🤖 AI Summary
Masked face detection and recognition suffer from scarce real-world labeled data and domain distribution shift. To address these challenges, we propose a two-stage generative data augmentation framework: first, applying geometry-guided controllable warping to the mask region; second, leveraging unpaired GANs for high-fidelity masked-face image synthesis. We introduce a novel non-mask preservation loss and stochastic noise injection to jointly ensure generation diversity, structural consistency, and training stability. This cascaded paradigm uniquely integrates rule-based warping with unpaired image translation—marking the first such integration in this domain. Extensive experiments demonstrate significant improvements over single-stage augmentation methods: +3.2% mAP on WIDER FACE and MAFA for detection, and +4.7% accuracy for recognition. The synthesized images exhibit high visual fidelity and effectively mitigate the scarcity of occluded face samples.
📝 Abstract
Data scarcity and distribution shift pose major challenges for masked face detection and recognition. We propose a two-step generative data augmentation framework that combines rule-based mask warping with unpaired image-to-image translation using GANs, enabling the generation of realistic masked-face samples beyond purely synthetic transformations.
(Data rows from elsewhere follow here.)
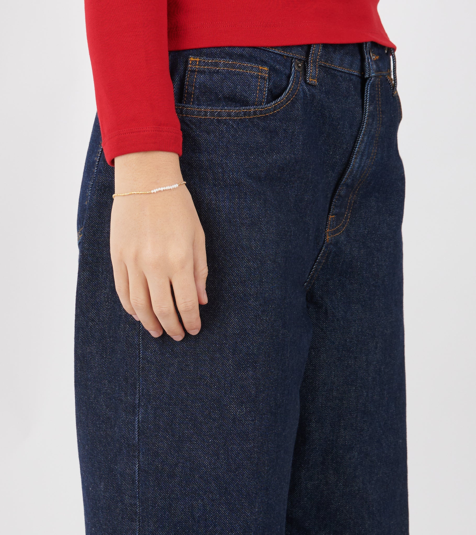 Armbånd med små halvædelsten i guldfarvet glasperler.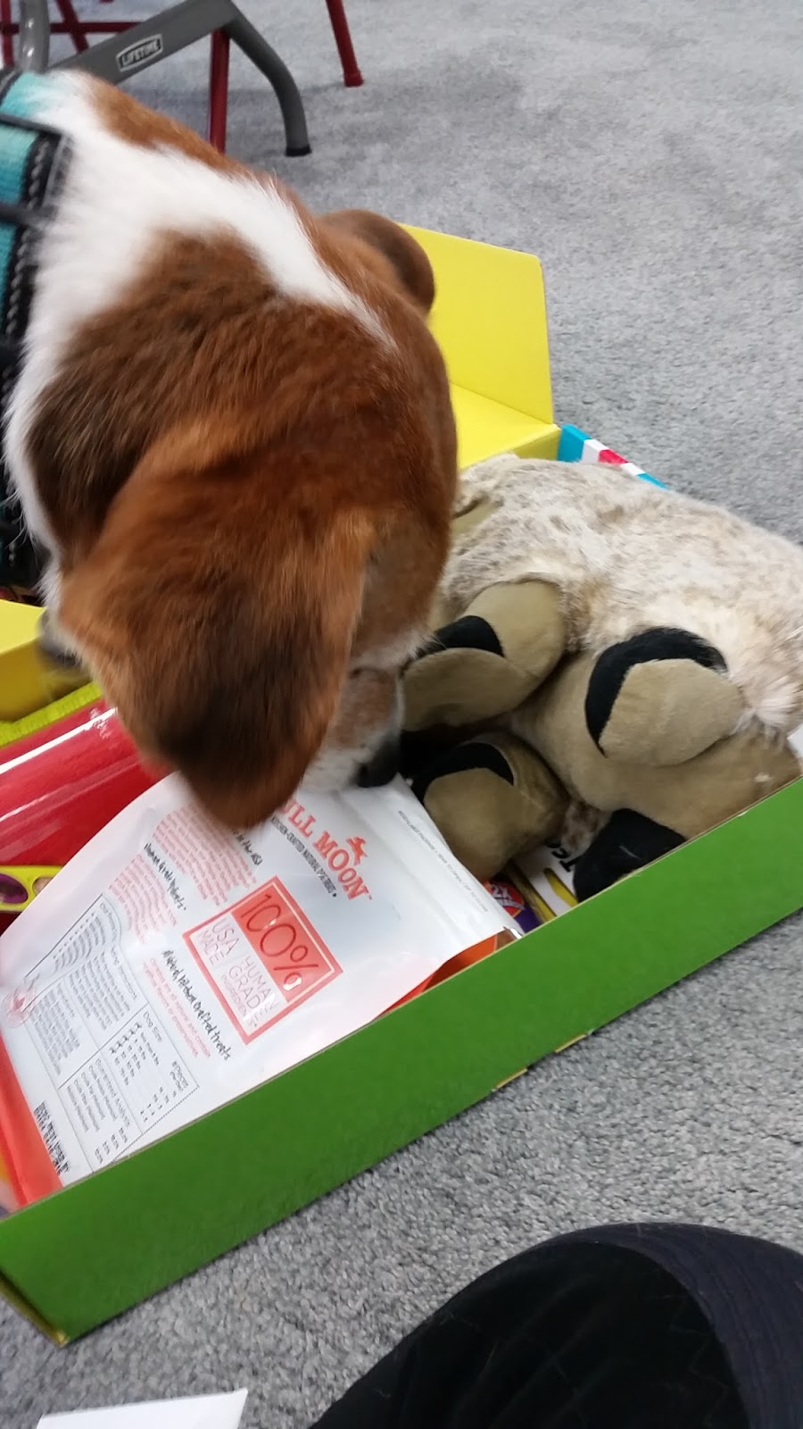 My box shipped on October 27th, and I received it via Fedex today as I am only one state over from the PetTreater location. I tried to remember to snap pictures, but Jake was running around and distracting me! Even though we have boxes constantly coming in to our house (my mother does horse supply retail stuff), he somehow figured out that this was his box and freaked out. Even my mother, who is pretty cynical over subscription boxes, thought he looked like a kid at Christmas and demanded I get him another sometime!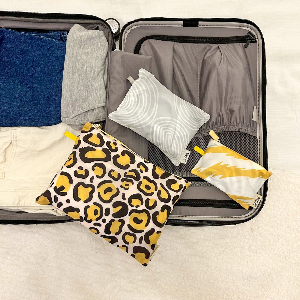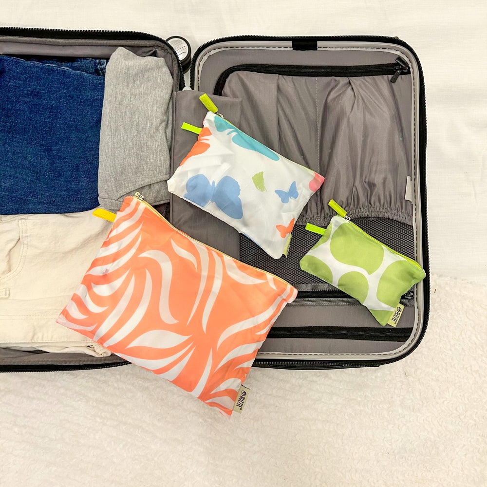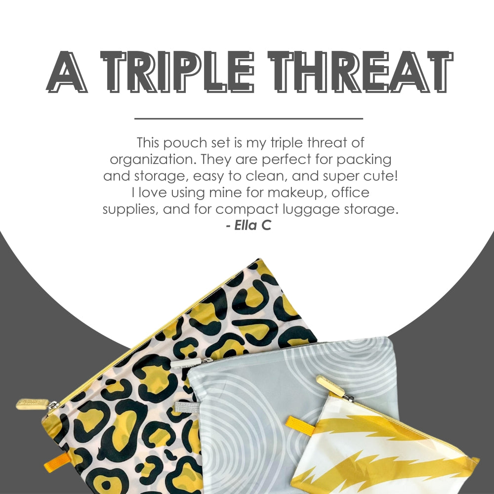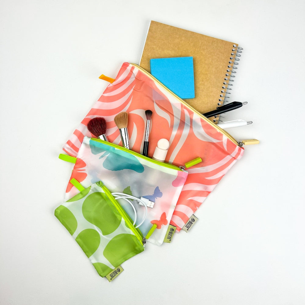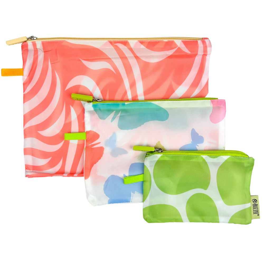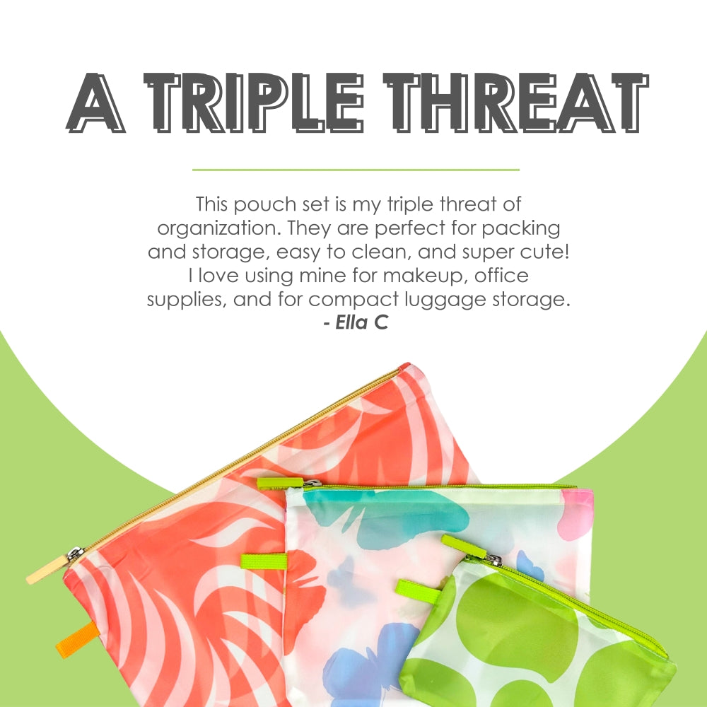 Store and travel in style! This pouch set is ideal for storing and packing everyday essentials for travel and home. Made from durable yet lightweight polyester, these zipper pouches are great for everyday shopping, luggage packing, household storage, and more.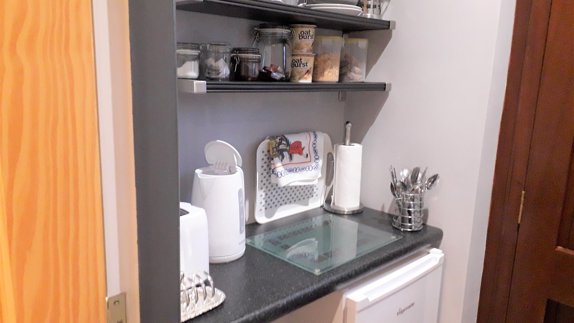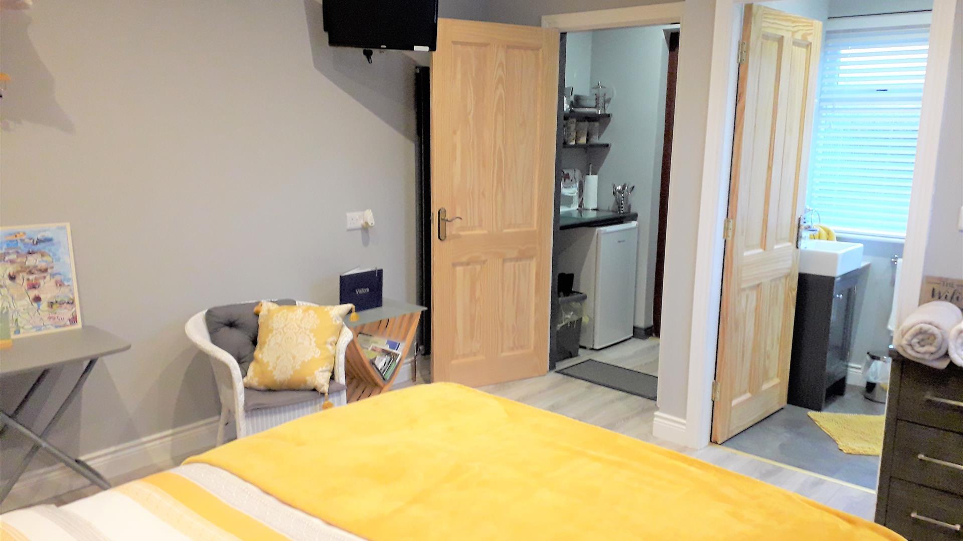 This cosy and modern annex is connected to the back of the main dwelling house and the owners are never too far away for all your needs. It is situated 2.7 miles from Northern Ireland's first UNESCO Heritage Site, the Giant's Causeway and a 5 minute walk to the world famous Old Bushmills Distillery. This unique living space is centrally located to all the tourist attractions of The Causeway Coast and is a comfortable and convenient base to explore your surroundings.The Annex is a new project which has been lovingly transformed from an office to a bright, roomy, contemporary living space. Tastefully decorated to a very high standard The Annex has Wi-Fi connection and a television in the room with adjoining en suite bathroom. There is a small kitchenette area with a fridge, kettle and toaster and continental breakfast of bread, butter, jam, juice, tea, coffee, fruit and cereals is provided. Guests are welcome to bring in their own food and drinks. There are a selection of great cafes for a cooked breakfast or lunch as well as a couple of supermarkets within walking distance. There are many great restaurants in Bushmills and the surrounding coast, and the proprietors are happy to help guests with any information they may need.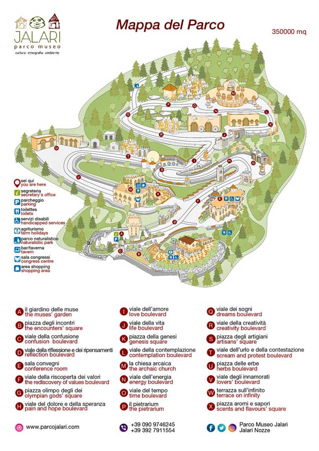 Esteso su una superficie di 350.000 mq., già il nome “Jalari” è tutto un programma perché deriva dalla corruzione del termine al-ḥajar, “la pietra” con il quale gli arabi definivano questa zona dei Peloritani. E di un enorme giardino di pietra, infatti, si tratta. Lungo i viali si incontrano oltre 2000 sculture e fontane in pietra locale, scolpite negli anni dal Prof. Mariano Pietrini che ne ha ideato il pensiero filosofico, mentre il fratello Salvatore Pietrini ha curato gli ambienti, le architetture ispirate alla storia della Sicilia e la lussureggiante vegetazione che ha ridato a questa zona, che in passato era considerata sterile, una nuova vitalità. Un percorso in armonia con l’ambiente circostante, quello del Parco, che dal “Giardino delle Muse” e “Piazza degli Incontri”, conduce attraverso i vari viali fra i quali quelli “della Confusione”, “Riflessione e dei Ripensamenti”, “Riscoperta dei Valori”, “Dolore e della Speranza”, “Amore”, ”Energia”, “Tempo”, “Sogni”, “Creatività”, “Aromi”, alle diverse costruzioni tra favola e sogno che ospitano, tra l’altro, un Centro Congressi, l’agriturismo, il bar-taverna, l’area shopping, le Botteghe degli Antichi Mestieri, il Parco Naturalistico. L’ambiente è l’elemento che domina il Parco e che profuma di erbe aromatiche, che lo caratterizza con gli oltre 40 mila alberi.

Compared to rule-based warping alone, the proposed approach yields consistent qualitative improvements and complements existing GAN-based masked face generation methods such as IAMGAN. We introduce a non-mask preservation loss and stochastic noise injection to stabilize training and enhance sample diversity. Experimental observations highlight the effectiveness of the proposed components and suggest directions for future improvements in data-centric augmentation for face recognition tasks.